### Assignment
Practice item. Set the material below down again exactly, with no pictures.

Exercise materials section start

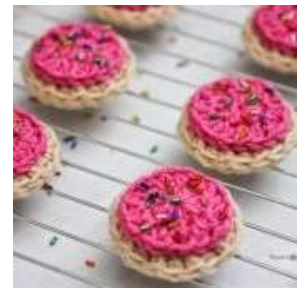
FROSTED CROCHET COOKIE PATTERN
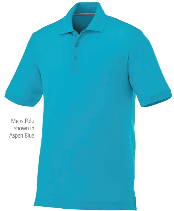
Mens Polo shown in Aspen Blue

Centre front three button placket. Flat knit collar, flat knit cuffs. V-notch side slits. Dyed-to-match buttons. Contrast inner neck tape.
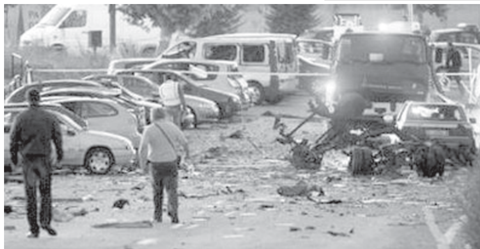
Investigators walk through debris and damaged vehicles outside a civil guard barracks after a car bomb exploded in the northern Spanish city of Burgos, early 29 July, 2009.
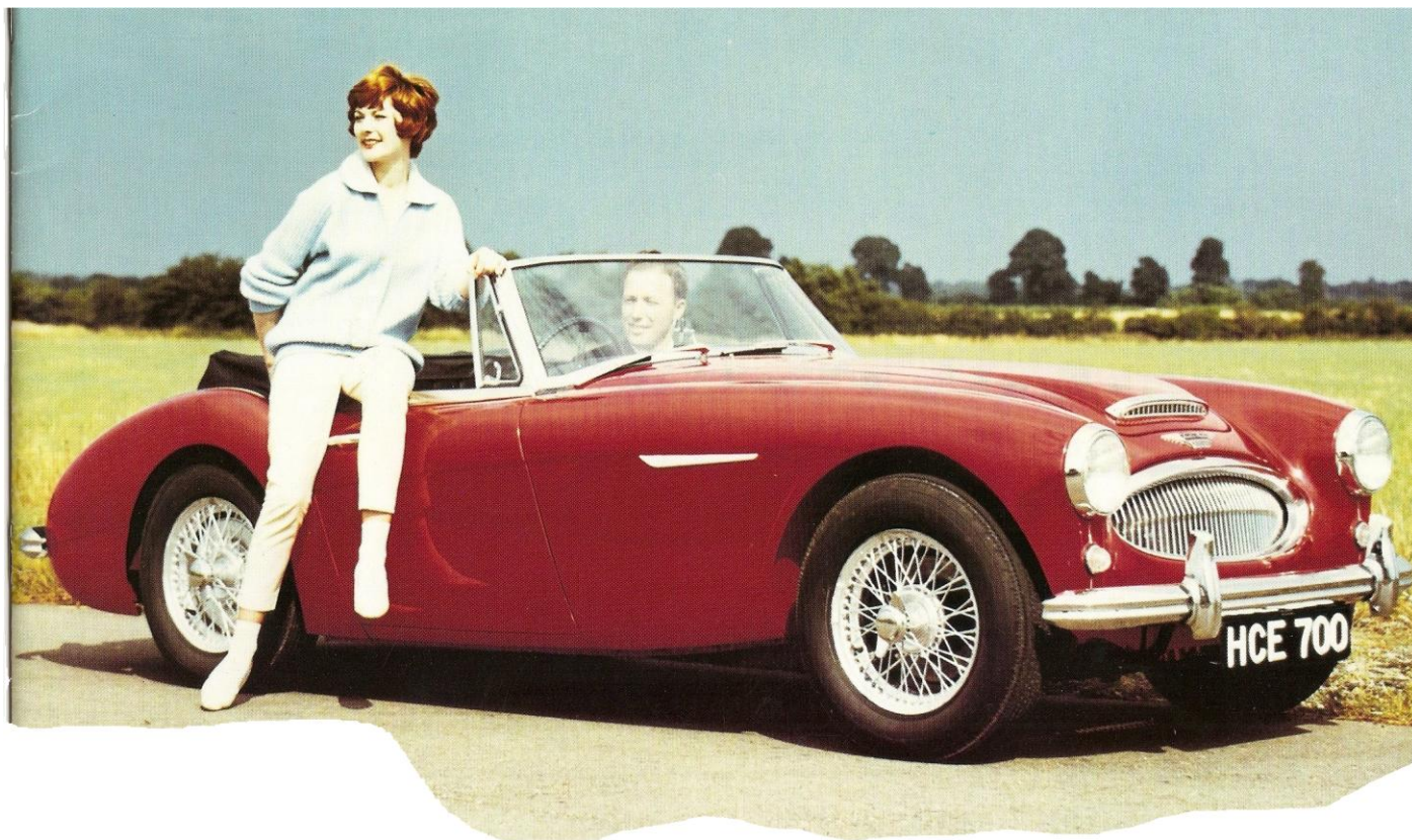
A Period Photo of the 1962 Austin Healey 3000 Mk II Sports Convertible * 50 th Anniversary *

Exercise materials section end

### Expected answer
FROSTED CROCHET COOKIE PATTERN
Mens Polo shown in Aspen Blue

Centre front three button placket. Flat knit collar, flat knit cuffs. V-notch side slits. Dyed-to-match buttons. Contrast inner neck tape.
Investigators walk through debris and damaged vehicles outside a civil guard barracks after a car bomb exploded in the northern Spanish city of Burgos, early 29 July, 2009.
A Period Photo of the 1962 Austin Healey 3000 Mk II Sports Convertible * 50 th Anniversary *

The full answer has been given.